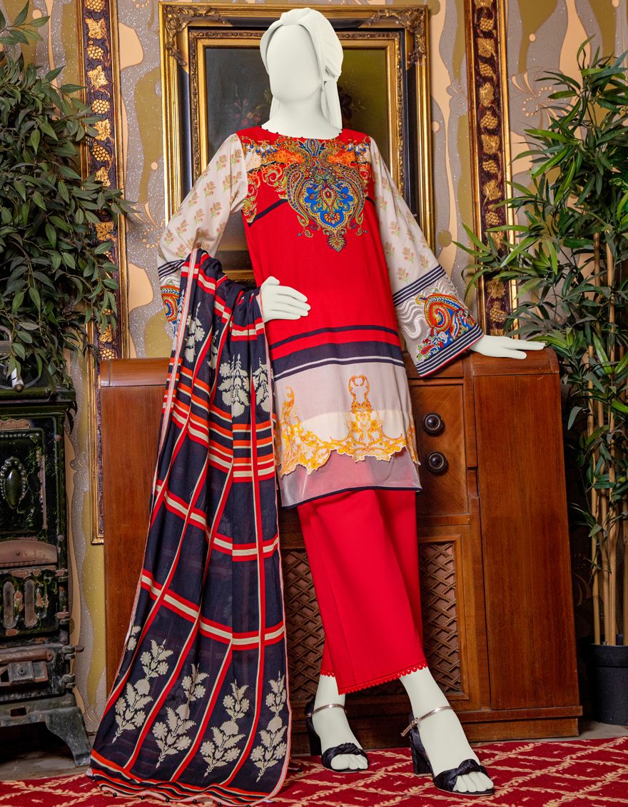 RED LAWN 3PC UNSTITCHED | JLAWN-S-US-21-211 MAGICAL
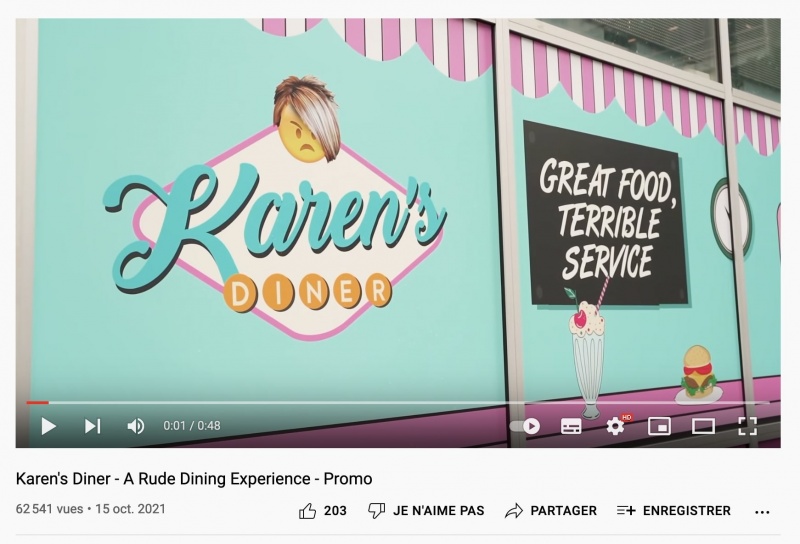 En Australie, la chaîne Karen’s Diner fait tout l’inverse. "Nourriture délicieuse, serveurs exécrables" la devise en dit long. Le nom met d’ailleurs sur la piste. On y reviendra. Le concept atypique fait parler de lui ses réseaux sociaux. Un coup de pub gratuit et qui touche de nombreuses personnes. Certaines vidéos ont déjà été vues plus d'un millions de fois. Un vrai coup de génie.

--

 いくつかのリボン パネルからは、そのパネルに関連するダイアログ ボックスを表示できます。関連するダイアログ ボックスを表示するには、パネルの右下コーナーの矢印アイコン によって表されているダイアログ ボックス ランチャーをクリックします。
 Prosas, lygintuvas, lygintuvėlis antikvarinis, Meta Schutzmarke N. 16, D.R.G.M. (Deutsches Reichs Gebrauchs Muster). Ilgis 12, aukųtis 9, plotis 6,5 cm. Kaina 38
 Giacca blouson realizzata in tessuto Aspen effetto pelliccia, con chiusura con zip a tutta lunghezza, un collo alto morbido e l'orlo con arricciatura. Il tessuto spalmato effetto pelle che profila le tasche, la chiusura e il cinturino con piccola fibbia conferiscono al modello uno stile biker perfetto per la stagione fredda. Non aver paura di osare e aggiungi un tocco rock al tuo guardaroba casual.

**About this task**
Start with the line above that contains "いくつかのリボン パネルからは、そのパネルに関連するダイアログ ボックスを表示できます。関連するダイアログ" and end with the line that contains "Giacca blouson realizzata". Write out those lines exactly, and only those.

**Written solution**
 いくつかのリボン パネルからは、そのパネルに関連するダイアログ ボックスを表示できます。関連するダイアログ ボックスを表示するには、パネルの右下コーナーの矢印アイコン によって表されているダイアログ ボックス ランチャーをクリックします。
 Prosas, lygintuvas, lygintuvėlis antikvarinis, Meta Schutzmarke N. 16, D.R.G.M. (Deutsches Reichs Gebrauchs Muster). Ilgis 12, aukųtis 9, plotis 6,5 cm. Kaina 38
 Giacca blouson realizzata in tessuto Aspen effetto pelliccia, con chiusura con zip a tutta lunghezza, un collo alto morbido e l'orlo con arricciatura. Il tessuto spalmato effetto pelle che profila le tasche, la chiusura e il cinturino con piccola fibbia conferiscono al modello uno stile biker perfetto per la stagione fredda. Non aver paura di osare e aggiungi un tocco rock al tuo guardaroba casual.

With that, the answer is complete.